Q:  What challenges is FabLab Tanger Morocco currently facing?

Ouardouz: The fact that Fablab Tanger led the way for other various similar or complementary workspaces in Morocco makes us proud. This space plays and will continue to play a catalytic role of innovation for Moroccan youth and even for the rest of the African youth. We began this year a dialog via a series of meetings and visits to our colleagues to share our experience. Our hope is to see one day an African Maker fair gathering all our young makers.

The challenges we face are many and antagonistic: from the struggle to survive, maintaining living spaces and unhooking the national recognition of the makers movement and to make it a national priority, to seeking new opportunities with the socio-economic world in order to evolve from development to entrepreneurship.

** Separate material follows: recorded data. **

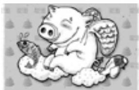
▲韓国で一番縁起のいい夢は「豚の夢」
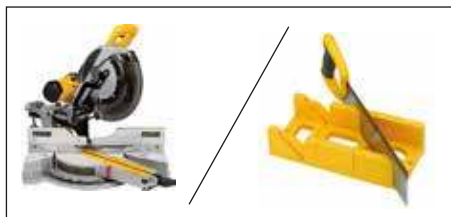
торцовочная пила / ножовка с мелким зубом и стусло*
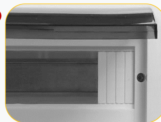
Заглушка 1/2 модуля
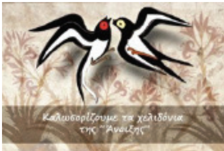
Εκπαιδευτική διαδικτυακή δράση του Εθνικού Αρχαιολογικού Μουσείου «Καλωσορίζουμε τα χελιδόνια της «Ανοιξης» με αφετηρία την Τοιχογραφία της Ανοιξης στο Μουσείο
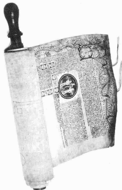
Boekrol, bevattende de wereldgeschiedenis, gevolgd door overzicht van genealogie en geschiedenis van Koningen van Engeland tot 1461. Engeland, 1461. (Kopenhagen, Det Kongelige Bibliotek, Ny Kgl. S. 1858 2 o ).

MOSTERT Marco (Ed.) Organizing the written word: scripts, manuscripts and texts. Proceedings of the first Utrecht Symposium on Medieval Literacy, Utrecht 5-7 June 1997 (= Utrecht studies in medieval literacy, 2) . Turnhout: Brepols: 2000. Ca. 384 pp, ill., geb. ISBN 2 5035 0765 4 € 65.

Q:   Finally, in your opinion what are the key steps to increase the STEM participation of girls, women and rural populations in Morocco?

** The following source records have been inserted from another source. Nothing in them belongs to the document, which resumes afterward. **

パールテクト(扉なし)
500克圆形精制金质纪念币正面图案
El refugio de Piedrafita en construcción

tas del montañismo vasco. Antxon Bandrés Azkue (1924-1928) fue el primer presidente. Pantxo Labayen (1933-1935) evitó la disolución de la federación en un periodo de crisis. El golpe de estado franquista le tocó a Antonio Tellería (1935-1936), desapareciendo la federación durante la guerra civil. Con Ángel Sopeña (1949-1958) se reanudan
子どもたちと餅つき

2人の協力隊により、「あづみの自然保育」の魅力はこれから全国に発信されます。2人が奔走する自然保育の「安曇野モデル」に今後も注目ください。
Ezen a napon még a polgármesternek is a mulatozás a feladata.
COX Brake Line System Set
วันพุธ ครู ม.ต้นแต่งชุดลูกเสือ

Ouardouz: Our modest experience during these years at Fablab, fueled the belief that
psychological poverty is the worst handicap to the development of our society. Empowerment through innovation based on gender may be a way to emancipate our youth and pull the TRIGGER to produce change. I believe deeply that the duplication of these kinds of collaborative initiatives can contribute to awareness throughout our population that knowledge has to be built and that everyone must participate in this socio-cognitive pursuit and from time to time even to play the mediator role.